Es sind noch einige andere Flashs aufgetaucht. Gestern hatte ich beispielsweise ein Kundengespräch in einer Kneipe hier in Freiburg. Mein Kunde war männlich und eher der einfache Mann, der den ganzen Tag arbeitete und zumeist abends müde ins Bett fiel. Vielleicht noch einmal eine DVD schauen oder ein Computerspiel, ansonsten kämpfte er sich so durch das Leben. Gleich bei der ersten Begegnung fiel mir auf, dass er mir irgendwie bekannt vorkam. Ich dachte während unseres Gespräches des Öfteren darüber nach, aber mir kam keine Idee. Die Routinen des Alltags und sein Beruf hatten seine Erinnerungen überschattet und nicht eine seiner Bemerkungen oder Handlungen ließen mich aufhorchen, damit ich die Gewissheit hatte, dass wir uns schon einmal begegnet waren. Im Laufe des Gesprächs erzählte er mir von seiner Arbeit und auch wenn er immer etwas daran auszusetzen hatte und nicht glücklich über seine Wahl war, so war es dennoch sein gegenwärtiger Lebensinhalt – und wenn ich es recht bedenke, dann sprach er sogar recht gerne davon.
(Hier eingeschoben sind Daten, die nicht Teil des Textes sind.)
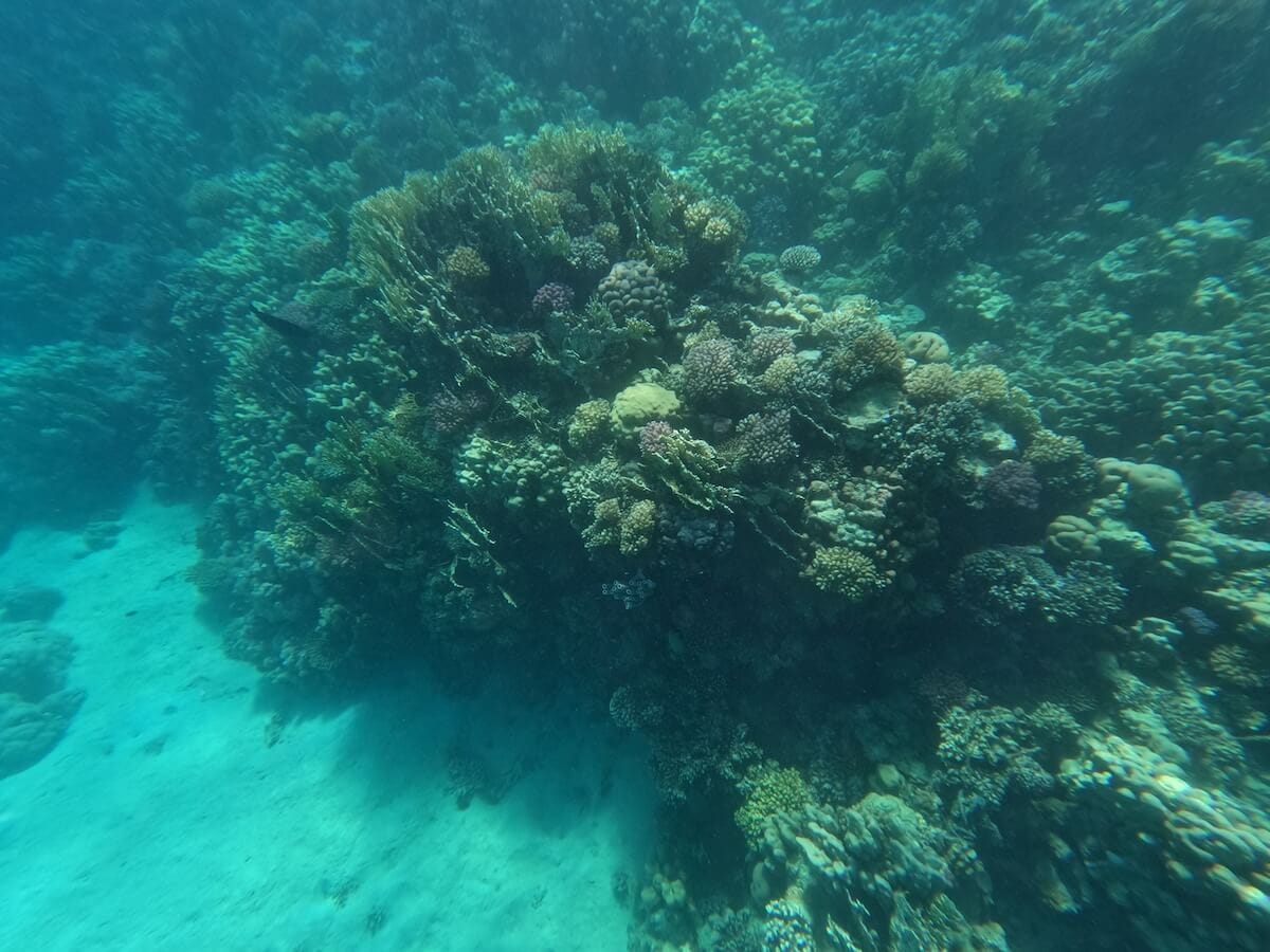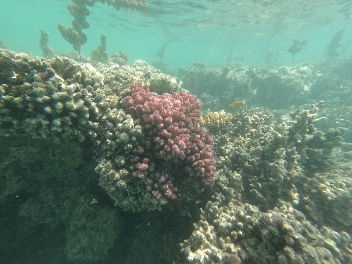 Le tombant récifal, accessible via le ponton du Stella Makadi, abrite les coraux les plus préservés (zone de snorkeling 1 sur la carte). Dans cette zone, la profondeur varie de 0,5 mètre au sommet du récif à plus de 6 mètres sur les pentes. Bien que dans des conditions variables, vous trouverez des massifs de corail digité, de corail de feu, de corail cerveau, ainsi que du corail branchu.

Als er mit dem Thema Arbeit durch war, erzählte er mir plötzlich davon, dass er kein Mensch sei, der gerne Spiele möge, beispielsweise für den Computer oder Gesellschaftsspiele, aber womit man ihn immer wieder reizen könne und er sich auch gelegentlich dazu hinreißen ließe, seien jene, in denen Piraten vorkämen. Dabei erwähnte er einige Computerspiele, in denen man mit einem kleinen Schiff über die hohe See fuhr, Schätze ausgrub, sich Schlachten mit anderen Schiffen lieferte oder Handelsschiffe kaperte und ausraubte. In dem Augenblick begannen auch gleich einmal seine Augen zu leuchten und ich wusste im selben Moment, woher ich ihn kannte. In einigen Träumen oder Visionen konnte ich sehen, dass ich bereits einmal zu dieser Zeit gelebt hatte. Vorwiegend war ich ein Händler gewesen, aber es blieb nicht aus, stets auf Piraten oder andere zwielichtige Gestalten zu treffen, mit denen man Verhandlungen betrieb oder sich denen auch mal zu entziehen versuchte. Er schien mir auch nur jemand zu sein, dem ich vielleicht ein paar Mal in diesem anderen Leben begegnete, weil man gemeinsame Begierden besessen hatte, ansonsten verband uns nichts. Trotzdem war es interessant, mal wieder zu sehen, wie man Persönlichkeiten aus anderen Leben begegnete, sich die Wege kurz kreuzten, und man daraufhin weiterzog und getrennter Wege ging.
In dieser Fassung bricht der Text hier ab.